Former Governor Haley Barbour's pardons created controversy and fueled the fire for victims and their families. They rallied and made promises. But now they've gotten the ball rolling towards real change.

Randy Walker has served as an unofficial spokesperson for pardon victims. He was shot by a man who was later pardoned by Governor Haley Barbour. Since that list of nearly 200 pardons was released, Walker's been calling for change.

"I stood on the steps of the capitol over there and said that the pardon thing was over with and that we couldn't change that but we could make changes. And one of the promises I made was to bring change," Randy Walker said.

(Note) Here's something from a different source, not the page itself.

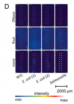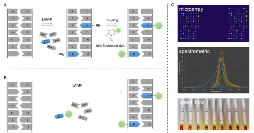 环介导等温扩增(LAMP)是最著名和最流行的等温扩增方法之一。它的简单性和速度使该方法特别适合于护理点诊断。然而,假阳性结果仍然是一个主要缺点。许多(下游)应用用于检测LAMP扩增子,如比色分析、原位LAMP或CRISPR Cas系统。通常,对于不同的检测应用,如横向流动分析,需要对LAMP产品进行修改。这通常是通过事先修饰引物实现的。 近日,来自德国的研究团队在Scientific reports上发表了一篇题为“Investigation and validation of labelling loop mediated isothermal amplification (LAMP) products with different nucleotide modifications for various downstream analysis”的文章,研究的目的是评估不同修饰核苷酸(如Cy5-dUTP、生物素-dUTP和aminoallyl-dUTP)的扩增子标记作为预标记引物的替代方案。研究团队研究了分子大小、核苷酸量以及靶浓度对扩增和标记效率的影响。这项研究表明,在LAMP过程中,使用不同的修饰核苷酸可以实现LAMP扩增子的不同标记,并且这些样品可以通过荧光光谱、凝胶电泳、微阵列和横向流动系统等广泛的下游应用进行分析。此外,研究团队还证明了基于微阵列的检测以及识别和区分假阳性的能力。 图片来源:Scientific reports LAMP背景及优劣势 2000年,Notomi等人开发了一种新的等温扩增技术,名为环介导等温扩增(LAMP)。二十多年后,LAMP属于最流行的等温放大技术。该方法基于一组多达6个引物和一个链置换聚合酶,能够高度敏感和特异地扩增少量目标DNA。结合逆转录酶,它也适用于RNA扩增(RT-LAMP)。到目前为止,在RT-LAMP、RIME-LAMP或DARQ-LAMP等多个变体版本中,可以找到超过千份使用该技术的出版物。自2019冠状病毒疾病大流行开始以来,已经发表了800多篇关于SARS-CoV-2检测的出版物。其中,大约有100个是用LAMP作为检测方法的。这不仅强调了LAMP对一般研究的重要性,也强调了它对当前全球重要问题的重要性。 与基于PCR的非等温方法相比,使用LAMP进行核酸扩增和检测具有许多优势。首先是放大速度。通过使用合适的引物组和最佳扩增条件,可以在不到30分钟的时间内检测到少量目标核酸,而PCR过程的扩增时间最多为3小时。此外,由于对能源和技术设备的需求减少,护理点设备中集成和使用LAMP是非常方便的。尽管LAMP有许多优点,但由于污染、序列相似性和引物二聚体引起的扩增假阳性是众所周知的LAMP缺点。 LAMP扩增产物的检测方法 LAMP与下游分析系统结合检测扩增产物的方法很广泛。包括标准凝胶电泳和定量扩增LAMP(qLAMP),通过不同的比色试剂(酚红、无色结晶紫、SYBR绿、孔雀石绿)进行横向流动分析(LFA)或与CRISPR-Cas系统的组合。最常用的是LFA和比色分析,但上述技术的主要局限性在于,它们不适合区分假阳性结果。基于微阵列的检测方法有助于克服这一障碍。 长度约为20–30 nt的特异性单链DNA探针固定在修饰表面上。扩增后,产物可以在这些探针上进行高度特异性杂交。通过选择合适的探针,不仅可以将扩增子与假阳性区分开来,甚至可以将其与单核苷酸多态性(SNPs)区分开来。 使用(半)定量分析系统(如qLAMP)和基于横向流动的方法需要标记用于目标检测的扩增子。到目前为止,使用预先标记的引物或探针一直是首选方法。这也导至了低灵活性和高成本、信号强度或放大效率调整不灵活性。或者,可以在扩增过程中使用预先标记的核苷酸进行靶向标记。这些类型的核苷酸具有不同的修饰,例如荧光团、生物素或氨基功能化,用于随后的定制标记。 灵活的LAMP标记方法 本研究旨在分析和评估所述基于直接和灵活的LAMP标记方法。此外,还证明了用3-Cy5-dUTP、生物素-dUTP和AA-dUTP标记LAMP扩增子的优缺点,代表了小、中、大尺寸的核苷酸修饰。 上述核苷酸修饰不仅具有不同的分子大小,而且在不同的分析和检测系统中也有用。Cy5-dUTP可用于用荧光团直接标记扩增子,用于多种荧光检测方法,结合生物素dUTP可在常用LFA中的链霉亲和素修饰表面上实现非共价固定。AA dUTP被认为允许加入一个功能基团,这可能有助于后续NHS分子的标记。 LAMP-dUTP标签策略及应用。 图片来源:Scientific reports x-dUTP掺入对LAMP效率的影响 为了确定在LAMP期间使用标记核苷酸对扩增效率的影响,使用不同量的SARS-CoV-2 cDNA和Cy5-dUTP以及生物素-dUTP和AA-dUTP稀释系列进行了基于SYBR绿色的定量环介导等温扩增(qLAMP)。每个反应的cDNA量为4.2E+00ng,Cy5-dUTP浓度范围为4.0E-03mM到2.0E-01mM,在不到5分钟的时间内检测到目标DNA。使用该量的靶DNA的反应效率只有轻微差异。然而,当使用较低数量的靶DNA时,已观察到扩增效率降低。 标记核苷酸对扩增效率的影响。 图片来源:Scientific reports 与未标记的核苷酸相比,Cy5-dUTP是一个相对较大的分子,因此研究团队研究了使用不同分子大小的各种dUTP标签对扩增效率的影响。对于AA-dUTP(589.2 g/mol)、生物素-dUTP(862.7 g/mol)和Cy5-dUTP(1387.3 g/mol),在以分子量表示的分子大小和所需的扩增时间之间发现了明显的相关性。未标记的参考样品的Ct值为15.6分钟。使用生物素dUTP和AA dUTP标记也会导至Ct值小于16.5分钟。使用Cy5 dUTP对扩增时间的影响最大,Ct值偏移为3.5分钟。 分子大小和浓度的影响。图片来源:Scientific reports Cy5-dUTP掺入和分析 通过Cy5-dUTP直接标记和AA-dUTP间接标记以及随后的NHS-Cy5标记,计算Cy5掺入LAMP扩增子的速率。LAMP扩增产物通过荧光光谱分析,记录在630nm激发下600 nm至800 nm范围内的发射光谱(图4A)。所有样品(Cy5稀释系

After months of meetings with attorneys, walker and others have settled on a ballot initiative to make changes to Mississippi's pardon system.

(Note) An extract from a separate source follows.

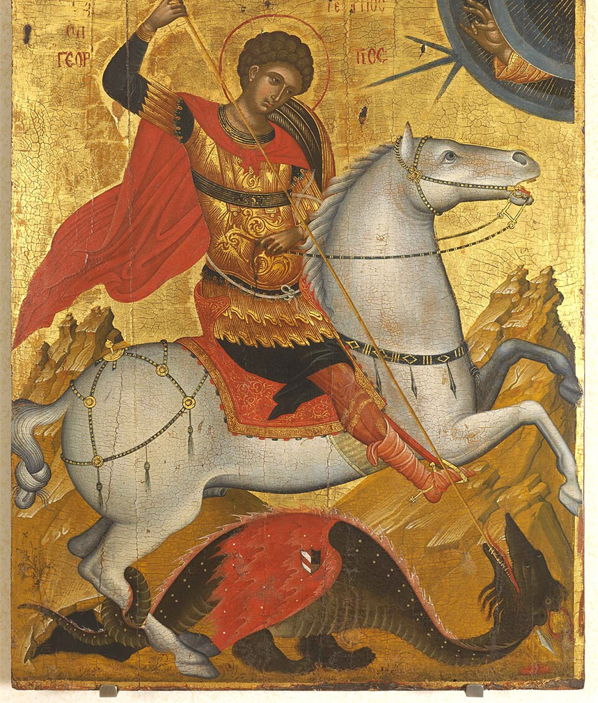 В-третьих, его иконография была динамичной и понятной. Образ всадника, побеждающего дракона, был зрелищным, ясным без слов символом победы добра над злом. Он работал как на уровне образованой элиты, так и на уровне простого воина или крестьянина.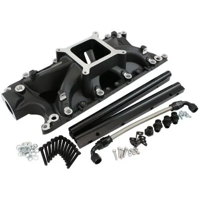 The fuel injector bores have back-cut exits in the intake runners for better fuel atomization. The fuel rails, brackets and mounting hardware are included with the manifold for easy installation with the injectors that you choose to use for your combination (fuel injector sold separately). Fuel rail is designed to allow a full length 14mm fuel injector (sold separately).

"We want to stop it from being a one-sided process," said Walker.

First on the list, they don't want the Governor to have sole pardon power. So the initiative will propose a new formula, with a panel.

"It'll be a power divided up between the Governor, Secretary of State and the Attorney General," detailed Walker.

Next on the list, is the Supreme Court's jurisdiction.

"A lot of these inmates didn't meet the 30 day requirement. So that was procedural. This new change will say if those procedures aren't met, then we do give the supreme court authority to do that," Walker described.

The third and final amendment would allow for victims and their families to be more than just onlookers in the process.

"All we could say was that this is not right. It's already been done. There's nothing to change," said Walker.

Under the initiative, victims would have the chance to testify or write letters to the panel that makes the pardon decisions. Walker knows there's still challenges ahead before change is seen but he's not ready to give up.

"Some people they just feel defeated. They don't want to deal with it. I'm not there yet. I'll be defeated when the people of Mississippi don't vote to have the constitutional amendment. And even then, it's not a one time thing," explained Walker.